BRIEF: Repeat exactly the lines below that lie between the line with "Initiative sympathique de" and the line with "12 inch spacing, spikes, 3", counting both of those lines as part of the answer.
━━━ EXERCISE INPUT
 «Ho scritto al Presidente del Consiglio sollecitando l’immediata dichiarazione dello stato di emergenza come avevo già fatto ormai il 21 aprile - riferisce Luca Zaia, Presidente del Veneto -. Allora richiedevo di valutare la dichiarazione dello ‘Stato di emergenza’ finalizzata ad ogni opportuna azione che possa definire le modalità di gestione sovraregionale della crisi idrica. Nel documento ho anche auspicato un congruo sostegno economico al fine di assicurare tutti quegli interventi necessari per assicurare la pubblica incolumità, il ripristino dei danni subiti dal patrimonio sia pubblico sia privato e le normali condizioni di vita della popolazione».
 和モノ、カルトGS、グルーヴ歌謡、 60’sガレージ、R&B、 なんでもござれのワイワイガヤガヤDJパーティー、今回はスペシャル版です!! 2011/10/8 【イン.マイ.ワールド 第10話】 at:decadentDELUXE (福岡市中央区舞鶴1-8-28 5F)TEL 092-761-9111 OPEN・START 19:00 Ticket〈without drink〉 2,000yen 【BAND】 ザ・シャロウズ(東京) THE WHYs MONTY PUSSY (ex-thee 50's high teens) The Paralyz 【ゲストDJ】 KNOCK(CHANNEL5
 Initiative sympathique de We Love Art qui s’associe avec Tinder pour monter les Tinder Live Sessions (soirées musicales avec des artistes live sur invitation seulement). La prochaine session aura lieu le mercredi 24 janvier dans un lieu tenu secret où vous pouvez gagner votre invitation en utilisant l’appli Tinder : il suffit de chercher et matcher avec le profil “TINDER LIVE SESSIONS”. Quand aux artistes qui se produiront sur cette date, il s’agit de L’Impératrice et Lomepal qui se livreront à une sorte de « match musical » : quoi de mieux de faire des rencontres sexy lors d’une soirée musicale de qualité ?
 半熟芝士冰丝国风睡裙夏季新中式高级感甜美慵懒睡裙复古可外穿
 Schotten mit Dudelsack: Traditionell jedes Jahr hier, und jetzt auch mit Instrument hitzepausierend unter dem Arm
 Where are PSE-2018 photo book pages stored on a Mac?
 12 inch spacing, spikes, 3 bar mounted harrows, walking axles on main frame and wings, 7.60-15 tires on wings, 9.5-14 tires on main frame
━━━━━━
━━━ EXERCISE INPUT
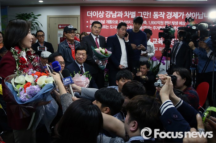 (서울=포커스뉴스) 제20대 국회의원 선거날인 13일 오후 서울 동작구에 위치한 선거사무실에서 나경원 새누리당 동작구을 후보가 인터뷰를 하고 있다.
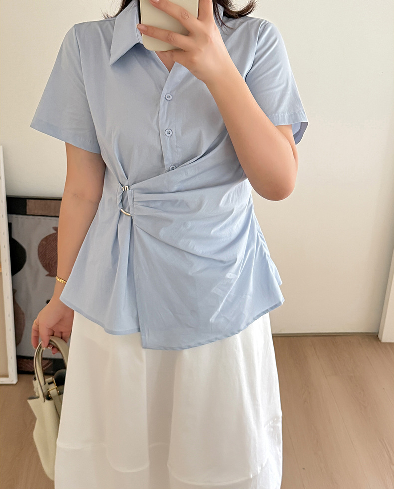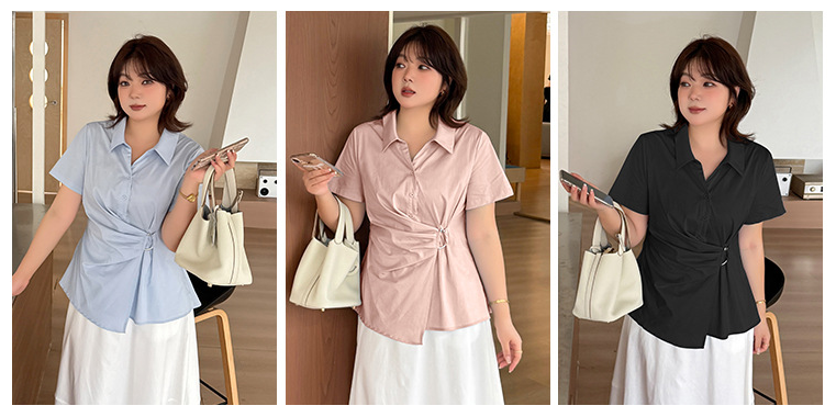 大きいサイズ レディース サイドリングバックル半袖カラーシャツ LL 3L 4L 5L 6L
━━━━━━
TASK ANSWER:
 Initiative sympathique de We Love Art qui s’associe avec Tinder pour monter les Tinder Live Sessions (soirées musicales avec des artistes live sur invitation seulement). La prochaine session aura lieu le mercredi 24 janvier dans un lieu tenu secret où vous pouvez gagner votre invitation en utilisant l’appli Tinder : il suffit de chercher et matcher avec le profil “TINDER LIVE SESSIONS”. Quand aux artistes qui se produiront sur cette date, il s’agit de L’Impératrice et Lomepal qui se livreront à une sorte de « match musical » : quoi de mieux de faire des rencontres sexy lors d’une soirée musicale de qualité ?
 半熟芝士冰丝国风睡裙夏季新中式高级感甜美慵懒睡裙复古可外穿
 Schotten mit Dudelsack: Traditionell jedes Jahr hier, und jetzt auch mit Instrument hitzepausierend unter dem Arm
 Where are PSE-2018 photo book pages stored on a Mac?
 12 inch spacing, spikes, 3 bar mounted harrows, walking axles on main frame and wings, 7.60-15 tires on wings, 9.5-14 tires on main frame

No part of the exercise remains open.